US stock futures continued to retreat on Wednesday as escalating Israel-Iran tensions fanned worries about a wider Middle East conflict, prompting caution in the market.

Futures on the Dow Jones Industrial Average (YM=F) pulled back 0.3%, while S&P 500 future (ES=F) dropped roughly 0.2%, as investors braced for Israel’s promised retaliation for a massive missile attack by Iran. Contracts on the tech-heavy Nasdaq 100 (NQ=F) were about 0.1% lower.

Stocks have kicked off October under pressure as geopolitical concerns grip the market, dispelling the upbeat mood around hopes for US interest-rate cuts. At the same time, oil has extended a surge that saw prices spike over 5% on Tuesday, the most in almost a year.

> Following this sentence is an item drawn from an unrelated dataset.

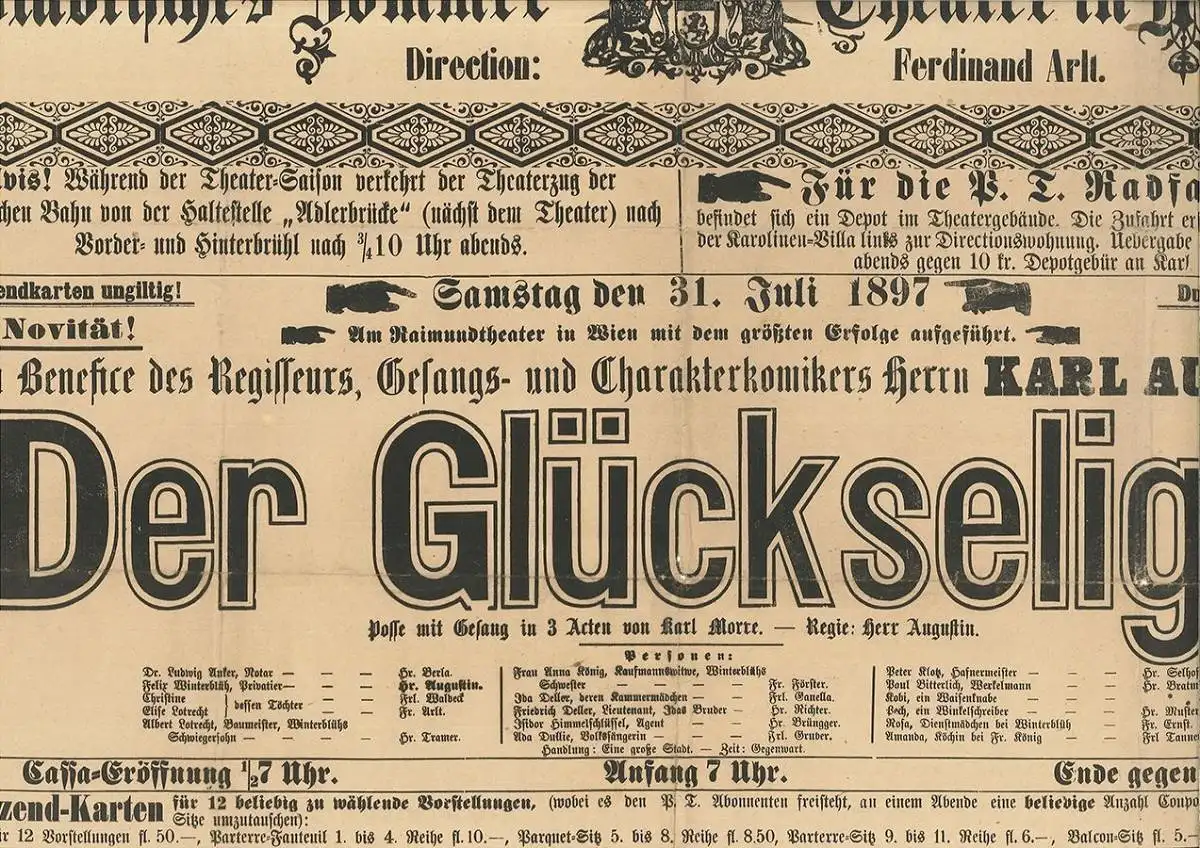 ArtikeldetailsStädtisches Sommer-Theater in Mödling. Direction: Ferdinand Arlt. Samstag den 31. Juli 1897. Am Raimundtheater in Wien mit dem größten Erfolge aufgeführt. Zum Benefice des Regisseurs, Gesangs- und Charakterkomikers Herrn Karl AUGUSTIN. Der Glückselige. Posse mit Gesang in 3 Acten von Karl MORTE - Regie: Herr Augustin. [MÖDLING] -
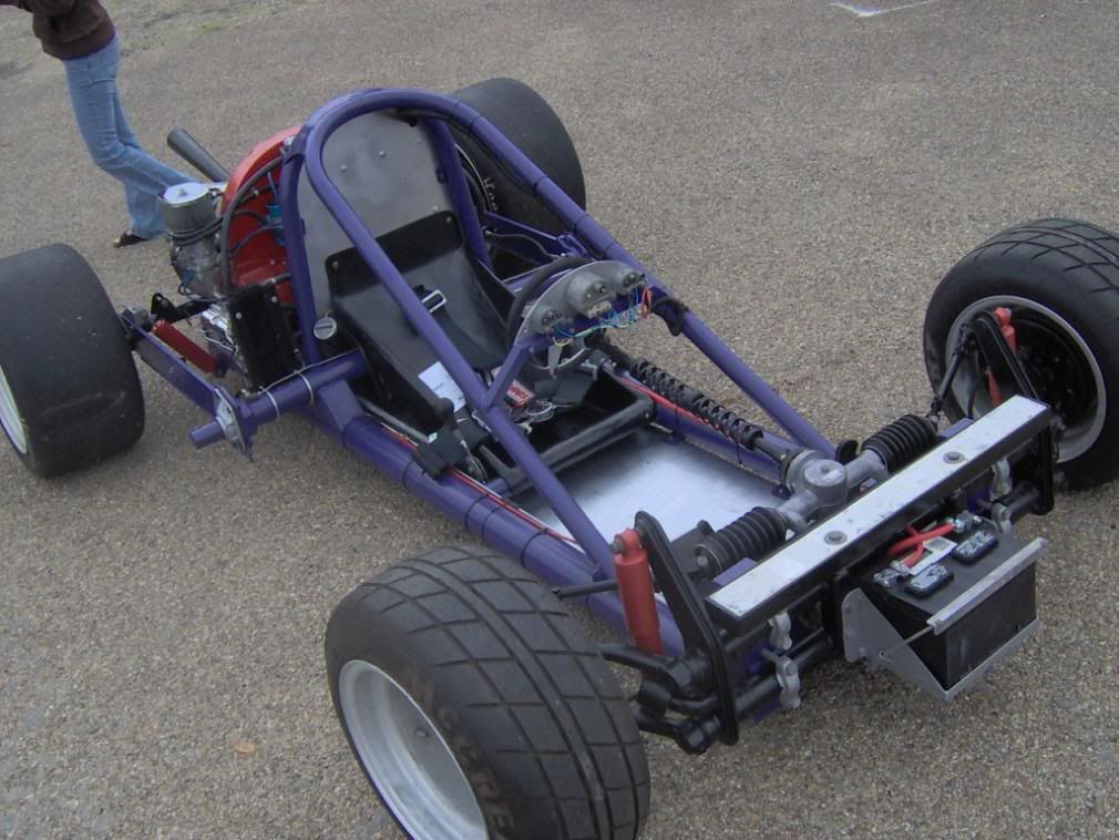Топливный бак в спортивных моделях располагают между ног пилота под рулем; в прокатных сзади, за пилотом. Амортизаторы отсутствуют, их роль выполняют рама и шины.Колеса задние обычно больше передних задних, отсутствует дифференциал, рулевое подобно автомобильному.Тормоза ставят в соответствии с классом колодочные или дисковые с гидравлическим приводом. Безопасность обеспечивают устройство щитков для защиты цепной передачи, привода задних колес и, главное, пилота.

Brent crude (BZ=F) and West Texas Intermediate (CL=F) futures were both up around 3% on Wednesday, with traders paying a premium amid the prospect of risks to supply from heightened Israel-Iran attacks.

In focus are the chances the run-up in oil prices could push up US inflation, disrupting the progress made by the Federal Reserve. At the same time, Mideast tensions and the US port strike risk hampering supply chains, spurring concerns about the US economy — just when investors were becoming confident in a “soft landing.”

Given that, a reading on ADP private payrolls due later Wednesday is likely to feed into expectations for Fed rate cuts, in the wake of mixed data around job openings and ahead of the crucial September jobs report on Friday.

Read more: What the Fed rate cut means for bank accounts, CDs, loans, and credit cards

Meanwhile, Nike (NKE) shares slid 5% in premarket after the sport shoe giant withdrew its outlook for the year, having fallen short on first quarter revenue. “We have yet to turn the corner,” its CFO told analysts on a conference call.